Karl-Heinz Brenig, head of event and media technology at Cologne University, specified the University's requirements for the auditorium, which serves six faculties and 42,039 students, 10 per cent of whom are from other countries.
The auditorium in the landmark main building is the central location for lectures, speeches, live concerts and music performances, and also for events such as scientific symposia and international congresses.
This multi-purpose use motivated the university to specify both high speech intelligibility and excellent musicality in a replacement for the previous sound system, which placed a large number of small loudspeakers close to the audience. Additional speakers increased the room's resonance and decreased speech intelligibility. The University's event management team decided to replace it with a single system that would meet both internal use and external business demands.
Klaus-Hendrik Lorenz-Kierakiewitz, project manager at Peutz Consult, comments, "We were instructed by Cologne University to develop a new speaker concept adjusted to the special room acoustics and worked out a system which uses as few sources as possible. The room working as concert hall and lecture room has two-second reverberation time with few occupants, and with the wooden seating there is a considerable difference in sound compared to when the room is full.
"This ideal replacement was to use loudspeakers that provide beams of tightly controlled vertical dispersion, in a configuration that would both deliver sound to the whole auditorium but also power both sub-spaces created by partitioning the space.
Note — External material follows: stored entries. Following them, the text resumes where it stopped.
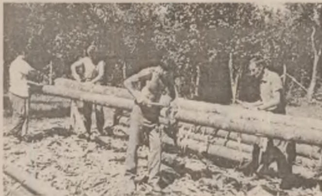
Se pregătește materialul lemnos pentru marea schelă ce va îmbrăca biserica din Densuș în vederea operațiunilor de reparații și restaurare.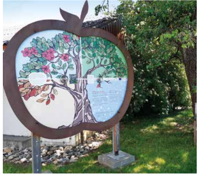
Interaktives Wissensquiz bei der Erlebnisstation bei Pangerl.

Vier Jahre später folgte dann das wohl bekannteste Kunstwerk der Apfelstraße, der Größte Apfel . An der Ortseinfahrt (oder -ausfahrt, je nachdem, aus welcher Richtung man kommt) von Elz überspannt die Holzkonstruktion die Straße und heißt unsere Gäste willkommen. Wie ein Portal in ein magisches Reich führt der Größte Apfel alle Besucher in unsere Apfelwelt. Zum Glück geht es in Elz vom Verkehr her ja beschaulich zu, sodass man durchaus Gelegenheit findet, sich unter dem Apfelbogen zu fotografieren.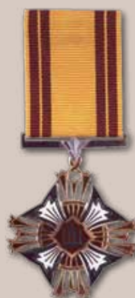
Lietuvos didžiojo kunigaikščio Gedimino ordino Riterio kryžius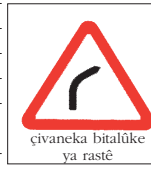
çivaneka bitalûke ya rastê

Finally, the loudspeakers had to be integrated almost invisibly into the architecture, because of the strict preservation orders surrounding the building."
Following a tender, Stefan Mathias of hartmann+mathias partnerschaft proposed a Renkus-Heinz Iconyx digitally steerable loudspeaker system, featuring a pair of 3m-tall IC24 units, supported by two Renkus-Heinz PN 212 subwoofers and controlled by a Peavey X Frame 88 digital signal processor. "We evaluated the combination," says Matthias, "in cooperation with Atlantic Audio before presentation, and confirmed a perfect combination of speech intelligibility and musicality, in an architecturally discrete package."
Karl-Heinz Brenig added, "Our tutors are really enthusiastic and confirm that speech intelligibility has been transformed in all areas of the auditorium, and finally voices sound natural. Tutors and students work more self-assuredly and our guests can follow speeches much more easily, especially important at international events - and musical events now sound great, too."